What the task requires: What you give back should be exactly the lines from the one with "وانا اشهد انهم" through the final line of the material, pictures removed; please add nothing.

Data supplied:
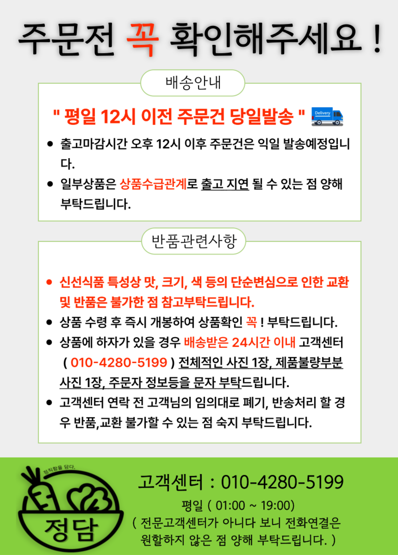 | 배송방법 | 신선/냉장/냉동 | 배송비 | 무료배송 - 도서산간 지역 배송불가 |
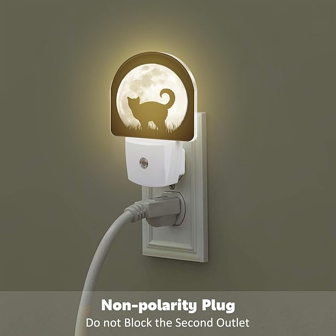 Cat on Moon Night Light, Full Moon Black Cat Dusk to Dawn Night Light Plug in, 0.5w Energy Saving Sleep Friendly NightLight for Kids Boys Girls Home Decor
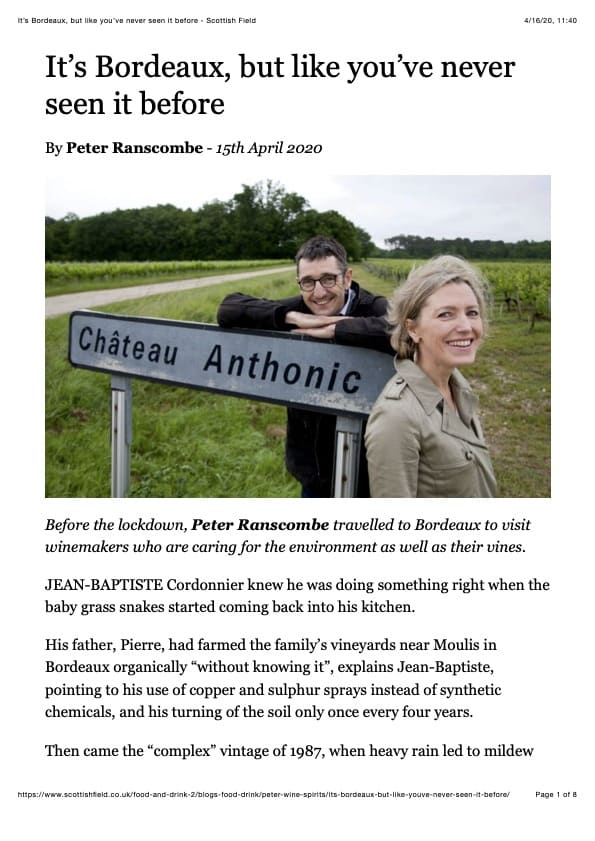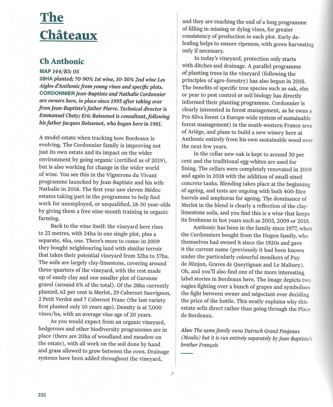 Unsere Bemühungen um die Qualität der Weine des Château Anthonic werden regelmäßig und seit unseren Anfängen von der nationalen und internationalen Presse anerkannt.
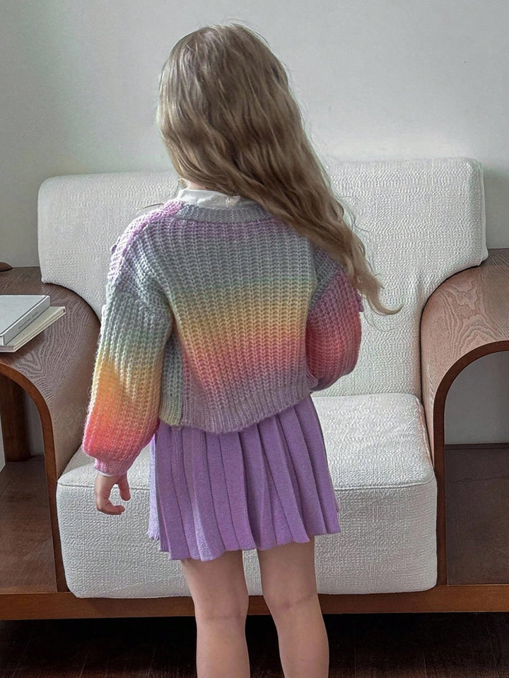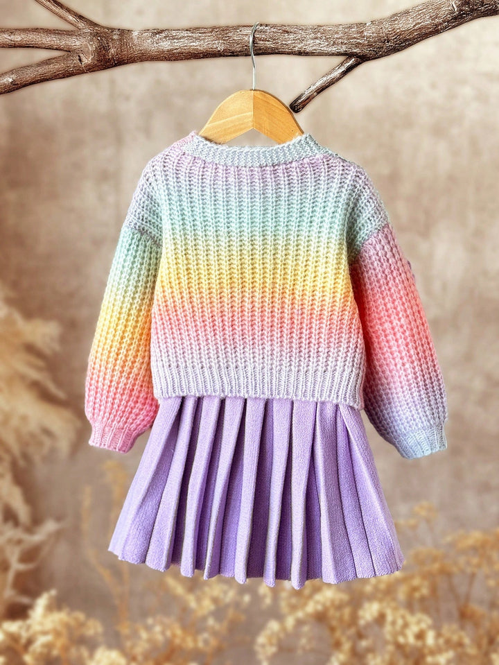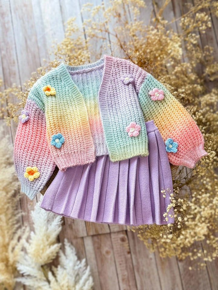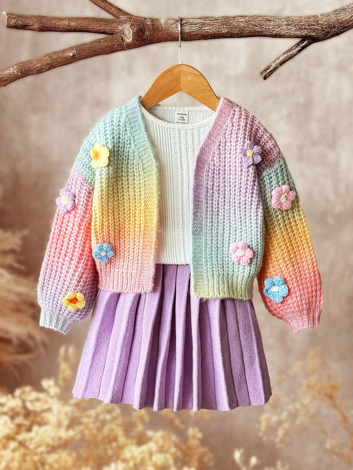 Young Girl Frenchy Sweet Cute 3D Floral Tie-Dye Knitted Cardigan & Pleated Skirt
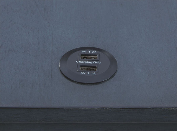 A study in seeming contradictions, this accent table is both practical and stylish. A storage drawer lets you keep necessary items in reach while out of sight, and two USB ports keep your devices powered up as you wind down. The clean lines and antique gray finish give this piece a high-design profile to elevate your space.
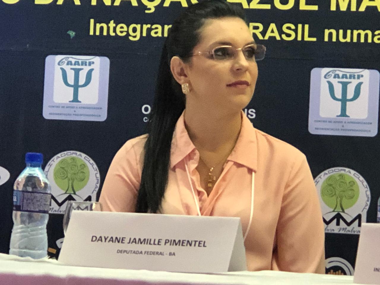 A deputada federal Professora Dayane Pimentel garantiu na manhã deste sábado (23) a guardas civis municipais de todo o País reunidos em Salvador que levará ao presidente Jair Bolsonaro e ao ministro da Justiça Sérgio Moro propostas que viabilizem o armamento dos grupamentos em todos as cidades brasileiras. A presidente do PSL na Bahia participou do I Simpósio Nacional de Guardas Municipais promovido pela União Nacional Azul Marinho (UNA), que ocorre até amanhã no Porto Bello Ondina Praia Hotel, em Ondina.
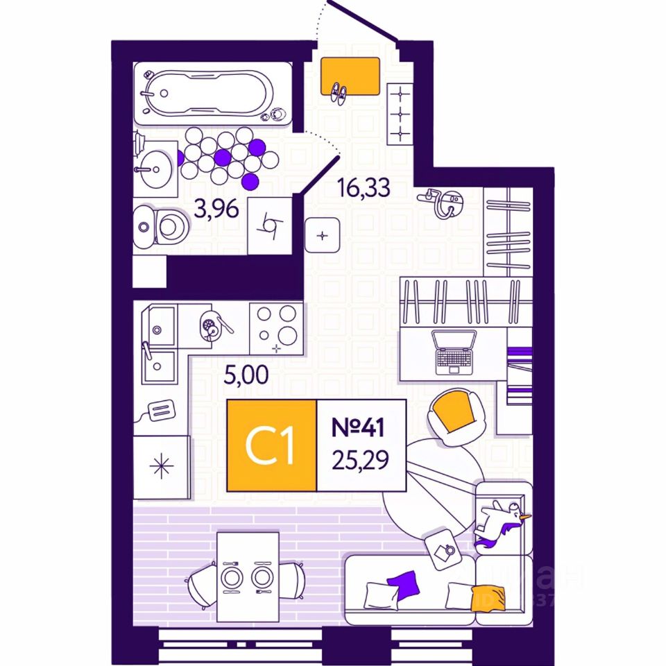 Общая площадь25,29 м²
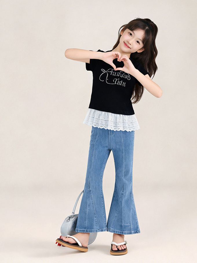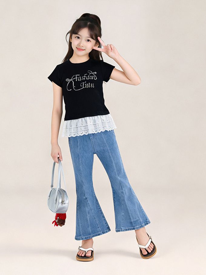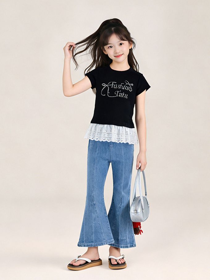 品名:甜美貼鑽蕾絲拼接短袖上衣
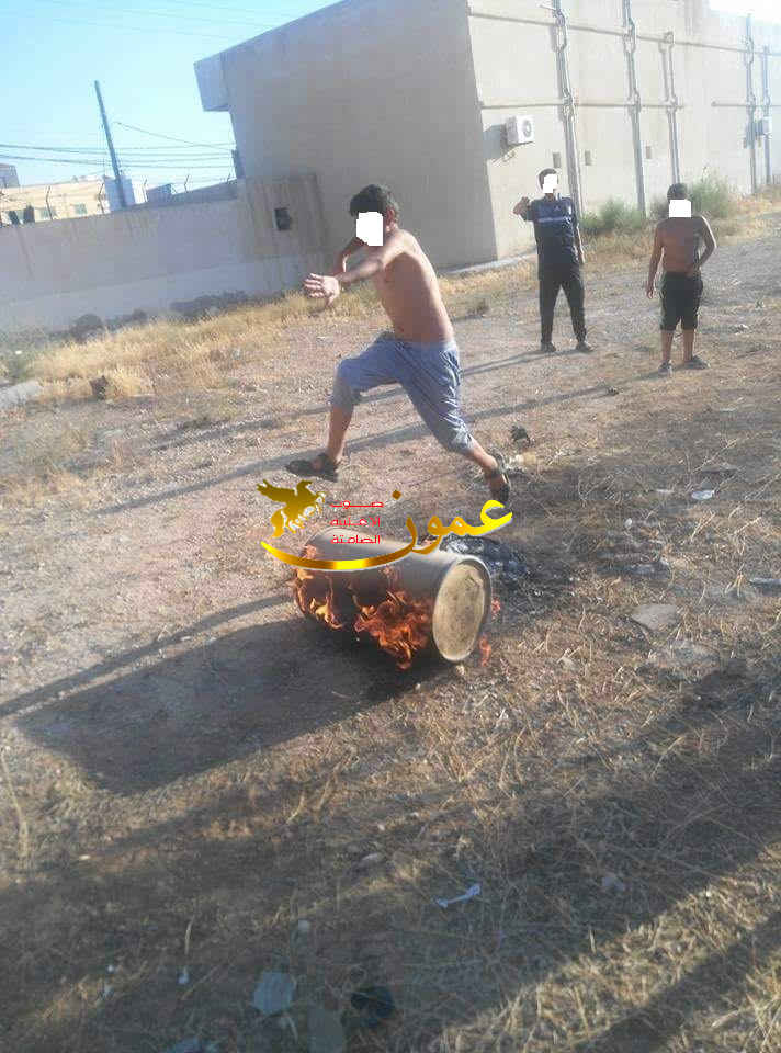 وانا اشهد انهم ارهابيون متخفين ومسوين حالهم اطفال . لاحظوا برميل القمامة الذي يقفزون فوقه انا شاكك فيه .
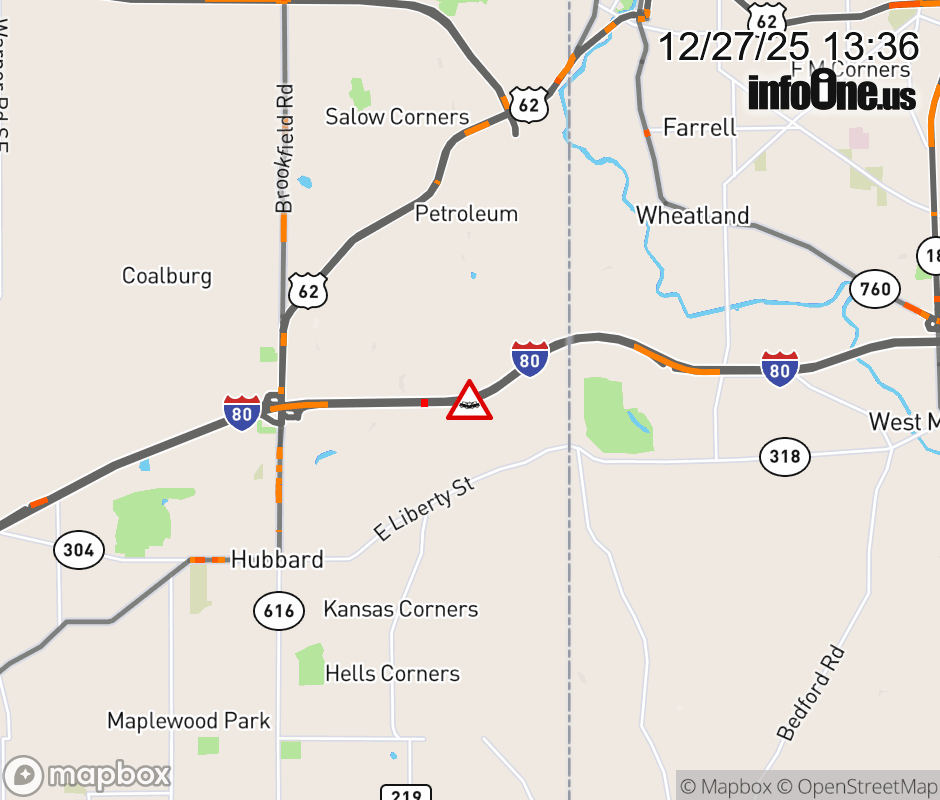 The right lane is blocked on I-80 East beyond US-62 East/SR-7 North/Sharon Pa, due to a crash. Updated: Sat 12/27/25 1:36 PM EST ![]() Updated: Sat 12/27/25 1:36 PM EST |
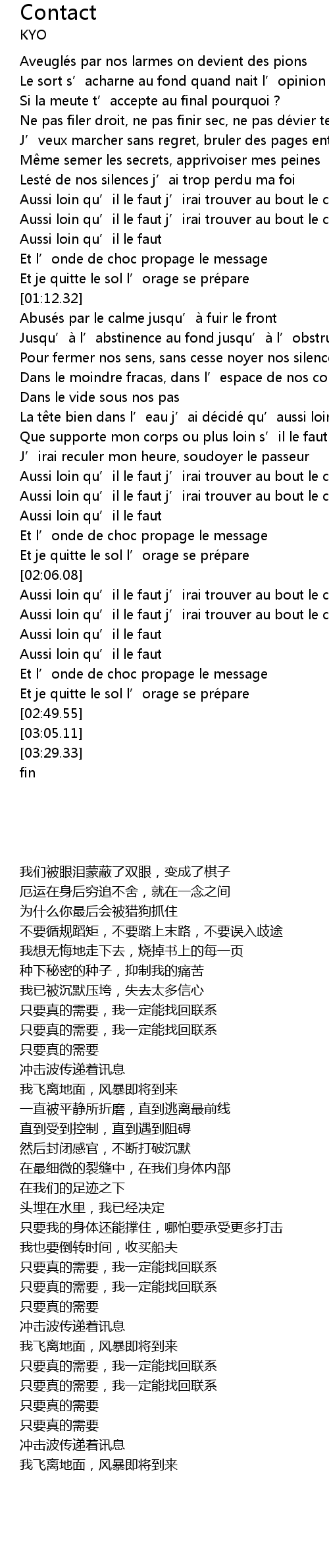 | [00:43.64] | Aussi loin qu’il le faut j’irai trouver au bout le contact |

Result below:
 وانا اشهد انهم ارهابيون متخفين ومسوين حالهم اطفال . لاحظوا برميل القمامة الذي يقفزون فوقه انا شاكك فيه .
 The right lane is blocked on I-80 East beyond US-62 East/SR-7 North/Sharon Pa, due to a crash. Updated: Sat 12/27/25 1:36 PM EST ![]() Updated: Sat 12/27/25 1:36 PM EST |
 | [00:43.64] | Aussi loin qu’il le faut j’irai trouver au bout le contact |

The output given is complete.